O'Leary Apologises To Leprechauns For Stealing Their Gold

RYANAIR chief executive Michael O’Leary has asked the little people of Ireland to forgive him for stealing their precious gold.

Speaking to an old willow tree near Galway, O’Leary vowed to make amends by leaving a gold coin under every toadstool between Limerick and Killarney, as outlined in Ryanair’s recent financial report.

He told a passing dairy cow: “It was wrong of me to fund a travel empire using the riches of the little people. When you see them, give them this bag of carrots and say I’m sorry.”

O’Leary has built a reputation for refusing to apologise, most notably when he ran up and down the aisle of a flight to Dusseldorf, wearing a turban and shouting ‘I’m a bomber, so I am!
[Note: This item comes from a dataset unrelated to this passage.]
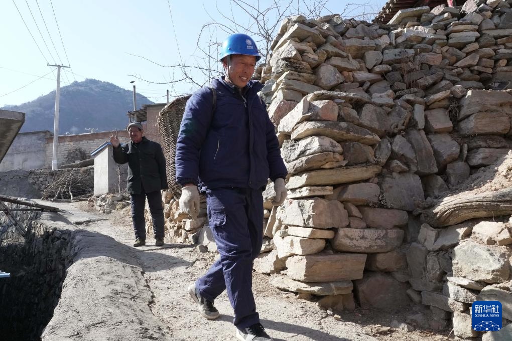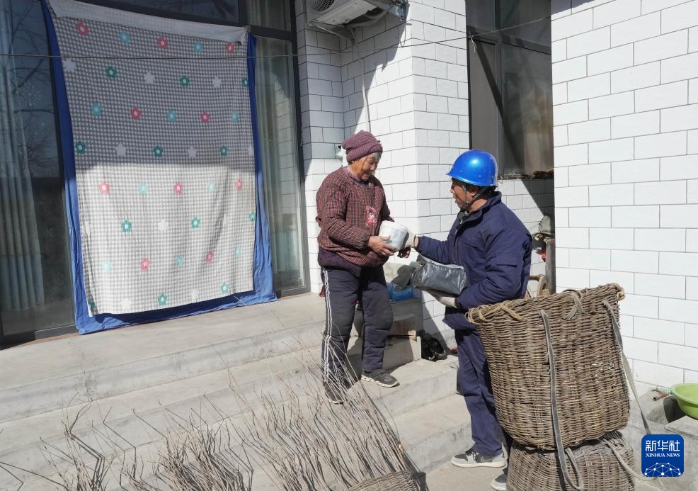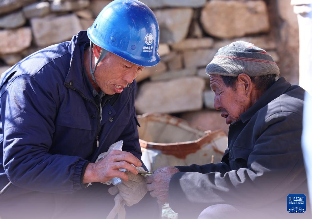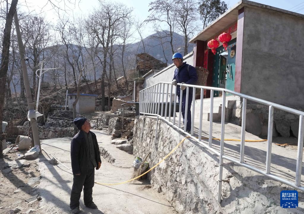 2月25日,邢海明(左)在辖区木佛塔村帮一位老人更换照明灯泡。

Kaboooom!’.

But recent weeks have seen him apologising on an almost hourly basis, often for things that have not happened and to people that do not exist.
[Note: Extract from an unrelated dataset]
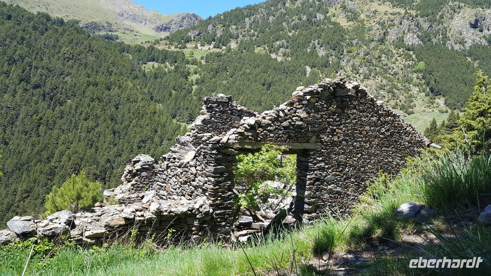 Der Abstieg fiel uns etwas leichter und immer am Riu de la Coma entlang. Durch verlassene Gehöfte und unzählige Steinmauern wirkte die Landschaft sehr reizvoll.

Yesteday he told eponymous TV bear ‘Gentle Ben’ that he was sorry for using the last of his piccallili and then had 300 tons of the condiment sprayed across the Appalachian mountains from a specially chartered 747.

But his apology to the leprechauns marks a watershed as O’Leary has been among their fiercest critics, often describing them as ‘two foot of fuck-all with a face like a bag of broken knuckles’.

A Ryanair spokesman said: “Ladies and gentlemnen, once again we’ve had to switch on the ‘fasten seat belts’ sign as another turbulent weather system passes through Mr O’Leary’s head.”

 

Pope Says Child Abuse The Same As Using The Wrong Cutlery

SEXUALLY abusing a child is as sinful as eating soup with a dessert spoon, Pope Benedict confirmed last night.

Launching the latest edition of The Vatican’s Quarterly Guide to Sinning, the Pope said that God would take up to three years to forgive those who misused cutlery, placing it in the same ‘Sin Basket’ as underage sodomy.

The Pontiff said: “I’ve arranged all the major sins in a series of handy baskets. The top basket is things like condoms and abortion and women having thoughts.

“The next basket is certain kinds of war and being a bit shy with the old collection plate. And down here in the 24th basket is child buggery and spoon ignorance.

“That doesn’t mean that spoon ignorance is okay, it just means that if you are, for instance, a priest and you get stuck into a bowl of Scotch broth with the spoon that was positioned at the top of the place setting at right angles to the knife and fork, then there’s only so much we can do to protect you.”

He added: “Men who use the wrong cutlery have simply lost their way on the path to God. And we also have to remember that, in the right light, a dessert spoon can be incredibly sexy.”

Outlining the latest sin formulas, the Pope said that child violation equalled three parking tickets or two consecutive weeks of putting paper and plastic in the same recycling bag.

Meanwhile, the Church is now offering an exchange rate of three acts of paedophilia to one act of fly-tipping.